The LLP structure shields partners from liability for other partners’ errors and omissions, whereas general partnership firms can hold partners accountable for their partners’ mistakes.
- For LLPs, what is the audit requirement?
An LLP’s accounts must be audited when their turnover exceeds 40 lakhs or when they make a capital contribution of 25 lakhs or more. LLP auditors are appointed annually by designated partners. First auditors are appointed before the financial year ends. A month before the close of the relevant financial year, the designated partners appoint or reappoint auditors
- Incorporated LLP received COD/VPP courier, what should I do?
Data on the LLP can be found freely on the MCA’s official website after the LLP is incorporated. Many fraudsters use this data to steal money. Printouts of the data from MCA’s website are sent to registered address of company via VPP/ COD, and you are asked to pay for receiving the delivery. We recommend not accepting the courier. Your company registration documents will be provided to you without any additional cost by All India ITR.
LLP Registration in India: Features and Benefits
The efficiency of one partner affects the efficiency of another in a business partnership. LLPs eliminate this risk. This type of business structure allows entrepreneurs to begin joint ventures at the lowest liability possible. Additionally, an LLP is the safest form of business for startups and small businesses. A LLP Act, 2008 governs and regulates the activities of corporate partnership bodies. Registration as an LLP requires understanding the registration process. If you have any concerns about Online LLP registration, here’s a handy resource for you.
Fundamental Features of LLP
Listed below are the characteristics of a Limited Liability Partnership:
- As LLPs are separate legal entities, their existence is distinct from that of their members.
- The flexibility of a partnership can be enjoyed by members of an LLP agreement.
- There is a confidentiality clause in the LLP agreement that must be respected.
- A Limited Liability Partnership must have at least two “designated” members.
- As with a company, an LLP must disclose its trading activity.
- The same accounting and filing requirements apply to a limited liability partnership as to a corporation.

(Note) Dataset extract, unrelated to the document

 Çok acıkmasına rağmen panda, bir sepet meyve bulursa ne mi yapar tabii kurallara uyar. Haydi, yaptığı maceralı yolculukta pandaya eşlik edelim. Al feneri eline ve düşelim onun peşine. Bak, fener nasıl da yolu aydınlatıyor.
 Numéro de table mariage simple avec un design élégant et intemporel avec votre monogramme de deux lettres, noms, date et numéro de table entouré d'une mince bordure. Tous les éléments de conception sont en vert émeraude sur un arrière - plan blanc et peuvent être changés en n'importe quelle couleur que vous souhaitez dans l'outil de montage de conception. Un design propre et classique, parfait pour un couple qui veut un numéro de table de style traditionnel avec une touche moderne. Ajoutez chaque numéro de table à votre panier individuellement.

- The income and gains of each member of an LLP are subject to tax.
- LLPs can issue debentures similar to companies on fixed or floating charges.

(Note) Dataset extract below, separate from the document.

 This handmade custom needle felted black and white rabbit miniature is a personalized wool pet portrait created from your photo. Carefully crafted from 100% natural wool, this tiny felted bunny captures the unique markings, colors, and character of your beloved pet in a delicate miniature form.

- For Limited Liability Partnerships, registration at Companies House is required.
- Last but not least, members of an LLP are limited in their liability
Benefits of LLP Registration in India
When deciding between LLP registration and private limited company registration, consider these benefits:
No limit for number of partners
In an LLP, a minimum of two partners is required, and the maximum is unlimited. A Private Limited Company, on the other hand, cannot have more than 200 members.
Incorporation of LLPs is relatively cheaper than incorporation of PLCs. A LLP can cost anywhere from Rs. 1500/- to around Rs. 2000/-. Private companies must pay a minimum statutory fee of Rs. 6000/-, while public companies must pay a minimum of Rs. 7000/-.
Least capital requirement
The advantage of LLPs is that they require the least amount of capital to begin operations. In addition to tangible and intangible contributions, partners may contribute movable and immovable property.
Less Compulsion for Audit
Public or private companies must have their accounts audited. There is no requirement for LLPs to do this, even though they are not obligated to do so. The Limited Liability Partnership Act, 2008 requires LLPs to review their accounts annually, except for those with less than Rs. 40 lacs turnover or Rs. 25 lacs contribution in a financial year.
A smaller compliance burden
Private companies are more burdened by compliance than LLPs. On the other hand, private companies need to comply with between eight and ten regulatory formalities and compliance requirements, whereas LLPs only need to comply with two statements.